In the preceding drawings, Figures 1-11, a first embodiment has been shown which has four sash panels and two separate vent passages. Such fume hood construction would work very well for a fume hood that was approximately 6 feet wide. In narrower fume hoods, such as in 4 foot widths, only two sash panels and a single vent passage can be used, as shown in the second embodiment of this invention depicted in Figures 12 and 13. It is understood that any number of sashes and any width of fume hoods could be constructed if desired.

In Figure 12, a sash panel 40 and a sash panel 41 horizontally move on a track system similar to that of the first embodiment. Here a vent passage 42 is opened by the closure of the horizontally slidable sash panels 40 and 41. In Figure 13, when the panel 41 is moved to the left to open the sash, damper panel 43 closes off vent passage 42. If both sash panels 40 and 41 were moved to the right of Figure 13, a similar damper panel (not shown) ~onnected to a corresponding bar member to sash panel 40 behind wall panel 44 would correspondingly move to the right to close off vent opening 42.

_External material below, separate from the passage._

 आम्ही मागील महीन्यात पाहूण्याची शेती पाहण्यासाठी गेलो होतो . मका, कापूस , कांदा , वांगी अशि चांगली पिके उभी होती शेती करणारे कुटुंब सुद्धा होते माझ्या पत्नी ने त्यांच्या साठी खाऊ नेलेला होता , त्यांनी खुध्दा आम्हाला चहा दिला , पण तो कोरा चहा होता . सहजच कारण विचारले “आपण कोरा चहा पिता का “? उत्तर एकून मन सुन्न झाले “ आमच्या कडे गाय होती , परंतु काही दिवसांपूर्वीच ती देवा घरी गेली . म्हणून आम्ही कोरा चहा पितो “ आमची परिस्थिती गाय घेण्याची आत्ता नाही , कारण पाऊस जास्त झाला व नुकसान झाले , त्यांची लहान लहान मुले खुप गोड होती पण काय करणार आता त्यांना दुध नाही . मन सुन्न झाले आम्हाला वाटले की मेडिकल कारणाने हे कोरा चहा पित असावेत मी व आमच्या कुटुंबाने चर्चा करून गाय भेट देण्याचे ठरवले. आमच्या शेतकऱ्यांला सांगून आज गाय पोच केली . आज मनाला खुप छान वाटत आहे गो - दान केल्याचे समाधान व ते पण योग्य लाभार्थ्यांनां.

1~o~ '2 In the foregoing description, specific examples have been used to describe the invention. However, it is understood by those skilled in the art that certain modifications can be made to these embodiments without departing from the spirit and scope of the invention.

Claims

THE EMBODIMENTS OF THE INVENTION IN WHICH AN EXCLUSIVE PROPERTY OR
PRIVILEGE IS CLAIMED ARE DEFINED AS FOLLOWS:

1. A method of controlling room air flow into a fume hood having a horizontally slidable sash and a room air vent comprising the steps of:
a) horizontally sliding the sash to change a sash passage into the hood;
b) through such movement of the sash causing a damper to be actuated by the sash to move the damper laterally across the vent to change a vent passage in an inverse manner to the change in the sash passage; and c) the sash can travel a given horizontal distance before moving the damper, whereby the total travel of the sash is greater than the damper travel to accomodate a sash that is wider than the damper.

2. A method as set forth in Claim 1, wherein the damper moves in a horizontal path approximately parallel to the sash's travel.

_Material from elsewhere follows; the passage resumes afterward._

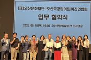 뉴한국방송뉴스통신사 신유철기자 기자 | 오산문화재단과 오산시국공립어린이집연합회는 지난 9월 18일 오산문화예술회관에서 지역 문화예술 활성화와 어린이 창의력 증진을 위한 업무협약을 체결했다. 이번 협약을 통해 양 기관은 ▲문화예술 프로그램 공동 개발 ▲어린이 대상 공연 및 체험 행사 확대 ▲지역 문화자원 연계 활동 등을 함께 추진할 예정이다. 협약식에 앞서 열린 차담회에서는 영·유아 대상 문화예술 프로그램의 방향성과 실현 가능성, 교직원 대상 혜택 제공 등 실질적인 협력 방안에 대해 심도 있는 논의가 이루어졌다. 신선교 오산문화재단 대표이사는 “이번 협약은 단순한 문서 체결을 넘어 실질적인 협력의 출발점”이라며 “아이들이 문화예술을 통해 감수성과 창의력을 키울 수 있도록 다양한 프로그램을 마련하겠다”고 말했다. 박은희 어린이집연합회 회장은 “보육 현장에 문화예술이 접목되어 아이들의 성장을 돕는 계기가 될 것”이라고 기대를 전했다. 현재 오산문화재단은 공연, 전시, 교육 등 다양한 프로그램으로 시민들의 문화 향유 기회를 확대하고 있으며, 오산시국공립어린이집연합회는 관내 국공립 어린이집의 협력과 발전을

3. A method as set forth in Claim 1, wherein opening the sash causes the vent to close.

4. A method as set forth in Claim 1, wherein closing the sash causes the vent to open.

5. A method as set forth in Claim 1, wherein progressive opening and closing of the sash causes the damper to progressively close and open.

6. A method as set forth in Claim 1, wherein there is a bar member on one of the sash and damper that moves between two laterally spaced abutment members on the other of the sash and damper.

7. A method as set forth in Claim 6, wherein the bar member is on the sash and the abutment members are on the damper.

8. A method as set forth in Claim 1, wherein there is a plurality of sashes and a plurality of dampers, each sash being operatively connected to and moving its own damper.

9. A method as set forth in Claim 8, wherein there are two sashes moving two dampers.

10. A method as set forth in Claim 8, wherein there are four sashes moving four dampers.

11. A method as set forth in Claim 1, wherein the vent and damper are located directly above the sash.

12. A method of controlling room air into a fume hood having a horizontally slidable sash and a room air vent comprising the steps of:
a) horizontally sliding the sash along a track to change a sash passage into the hood; and b) through such sliding of the sash causing a damper to be actuated by the sash to slide the damper along a horizontal track across the vent to change a vent passage in an inverse manner to the change in the sash passage.